If you're talking about the lettering for 'Ericana', you'll do well to search for 'baseball script' or 'sports script'.

Here's an excerpt from the Baseball Hall of Fame's web site:

When one thinks of the quintessential baseball uniform, it is often adorned with a team or city name angled across the shirt front in script lettering. The first big league club to use this design was the 1914 Federal League Buffalo Blues (also known as the Buffeds). It was not until 1930 that the script lettering was reintroduced into big league baseball. In that year, the Detroit Tigers adopted the style that has since been embraced by nearly every major league club at some time during its history.

There's a picture of the "Buffeds" on the site there...it's a script with the tail!

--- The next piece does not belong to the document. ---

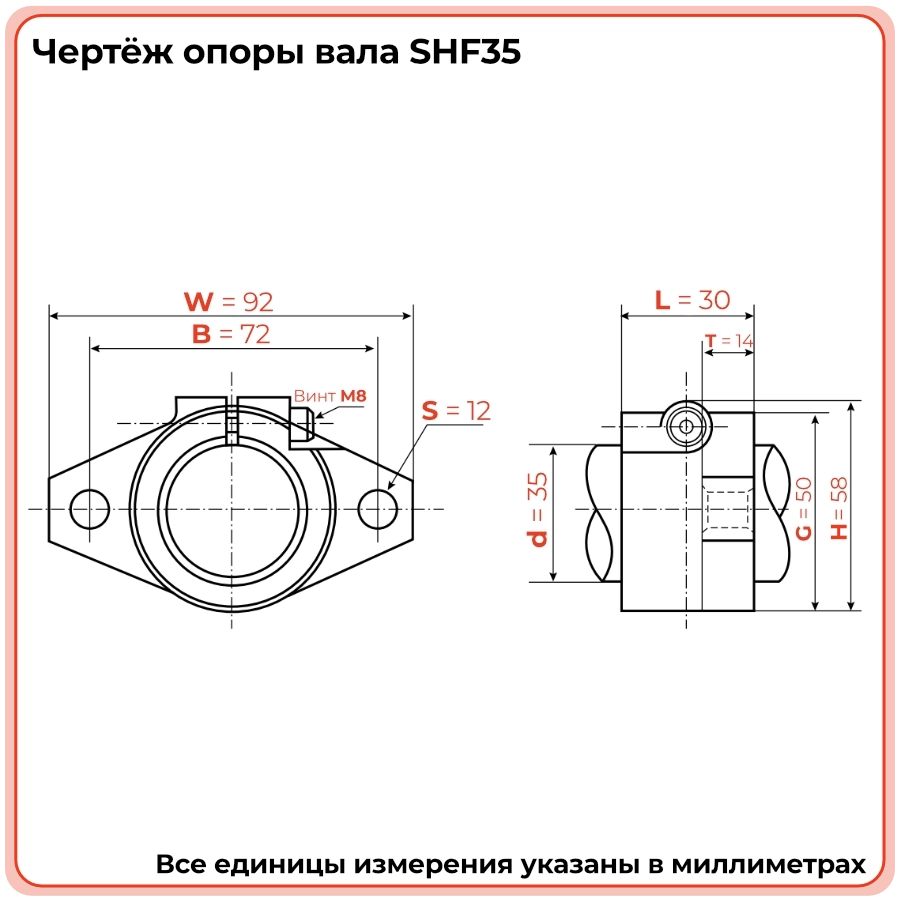 Опора вала SHF35 сделана из дюралюминия, благодаря чему имеет легкий вес и высокую прочность. Опора надежно фиксирует вал параллельно опорной плоскости и обеспечивает высокую точность и скорость его работы. Крепится к основанию с помощью фланцевого соединения. Держатель вала крепится к монтажной поверхности двумя винтами со стандартной резьбой. Для фиксации вала на опоре имеется винтовое соединение.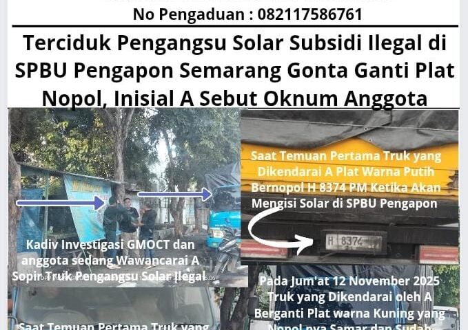 Terciduk Pengangsu Solar Subsidi Ilegal di SPBU Pengapon Semarang Gonta Ganti Plat Nopol, Inisial A Sebut Oknum Anggota Kota Semarang, Senin (12/12/2025) – Menindaklanjuti pemberitaan…

I can't say this authoritatively, but I'd say that these scripts and tails were just more common in that era. See this photo that was taken somewhere around 1906 of the Alvin Theatre in Pittsburg (no 'h' for Pittsburgh at that time!), PA:

Alvin Theater, Pittsburg, c.1906

So, the script was common back then, and the tail is a nice visual flair that a sign painter would have done. A lot of baseball teams picked up the style, and because baseball is all about tradition, the style persists to this day with a lot of clubs (Oakland Athletics, Baltimore Orioles, Kansas City Royals, LA Dodgers to name four), which is why I feel like that style is associated with baseball more than anything else.